14 Who knows? He may turn and relent
    and leave behind a blessing—
grain offerings and drink offerings
    for the Lord your God.

15 Blow the trumpet in Zion,
    declare a holy fast,
    call a sacred assembly.
16 Gather the people,
    consecrate the assembly;
bring together the elders,
    gather the children,
    those nursing at the breast.
Let the bridegroom leave his room
    and the bride her chamber.
17 Let the priests, who minister before the Lord,
    weep between the portico and the altar.
Let them say, “Spare your people, Lord.
    Do not make your inheritance an object of scorn,
    a byword among the nations.
Why should they say among the peoples,
    ‘Where is their God?’”

 

The Holy Gospel of St Matthew 6:16-21

16 “When you fast, do not look somber as the hypocrites do, for they disfigure their faces to show others they are fasting. Truly I tell you, they have received their reward in full. 17 But when you fast, put oil on your head and wash your face, 18 so that it will not be obvious to others that you are fasting, but only to your Father, who is unseen; and your Father, who sees what is done in secret, will reward you.

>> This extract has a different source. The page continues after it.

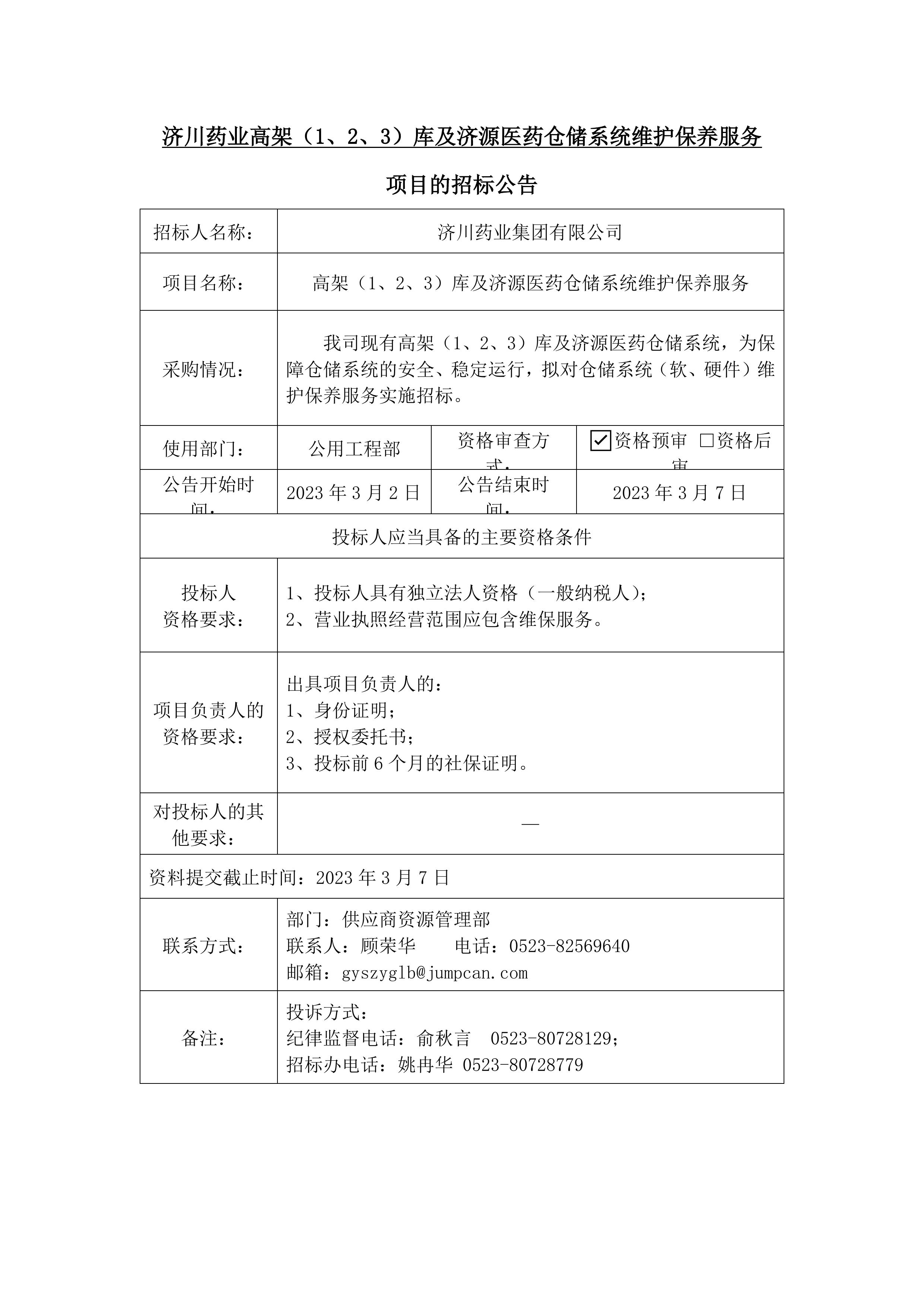 济川药业高架(1、2、3)库及济源医药仓储系统维护保养服务招标公告

19 “Do not store up for yourselves treasures on earth, where moths and vermin destroy, and where thieves break in and steal. 20 But store up for yourselves treasures in heaven, where moths and vermin do not destroy, and where thieves do not break in and steal. 21 For where your treasure is, there your heart will be also.

 

Bishop Ian’s Thoughts

Today’s Reading for the Epistle is taken from the Old Testament Book of the Prophet Joel, Chapter 2, Verses 12-17.

In this portion of his Book the Prophet Joel declares God’s call to the nation of Israel to repent and turn from their disobedience:

“12 “Even now,” declares the Lord,
    “return to me with all your heart,
    with fasting and weeping and mourning.”

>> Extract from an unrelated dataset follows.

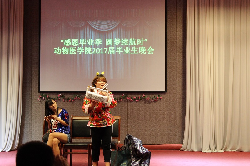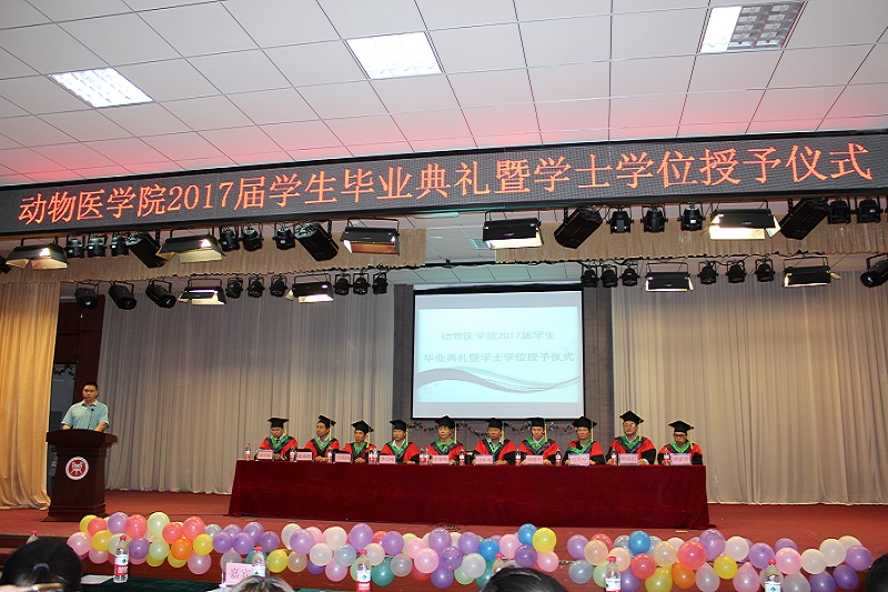 6月7日,动物医学院在大学生活动中心举行2017届学生毕业典礼暨学士学位授予仪式。教务处处长边传周、实验研究中心副主任向瑞平,该院党总支书记王春明、省猪病工程中心主任李文刚、党总支副书记张瑞春,副院长石冬梅、宋予震等领导老师出席典礼活动并为141名本科毕业生拨苏正冠、颁发学位证书。

The phrase “with all your heart” refers to a complete change of thinking and behaviour, in which the people as individuals, and a nation, renounce their sinful ways and turn from their disobedience to God’s Holy Law, and willingly do, with heart and mind, those things which God requires.

“Fasting, weeping and mourning” are signs of the sincerity of Israel’s repentance.

If the nation of Israel repents and turns from their disobedience then God will restore the blessings of His Covenant promises, given to Abraham.

God’s warnings of Judgement in the Old Testament are always a call to repentance so that the threatened Judgement may be averted.

In some cases a warning of an immanent threat, that is heeded, may not only see that threat averted, but a blessing may follow Israel’s turning back to God.

The Prophet Joel tells Israel what true repentance involves:

“13 Rend your heart
    and not your garments.”

The nation of Israel must repent on an intellectual and spiritual basis (your heart) and not only in an outward show of ritual (garments).

The Prophet Joel then describes the Nature of God:

"Return to the Lord your God,
    for he is gracious and compassionate,
slow to anger and abounding in love,
    and he relents from sending calamity."

God’s warning of Judgement always allows for an escape.

By repenting of any evil committed, confessing the sin, and seeking God’s forgiveness the Judgement will be averted.

As previously mentioned God may give a blessing as a sign of His Faithfulness:

“14 Who knows? He may turn and relent
    and leave behind a blessing—
grain offerings and drink offerings
    for the Lord your God.”

The Prophet Joel now turns to the description of God’s warning of immanent Judgement on the nation.

This urgent warning of Judgement contains elements that allude to the times of the approaching Final Great Judgement, the time of which, no man knows.

The Great Judgement will, however, take place on the day that will mark the end of the ages.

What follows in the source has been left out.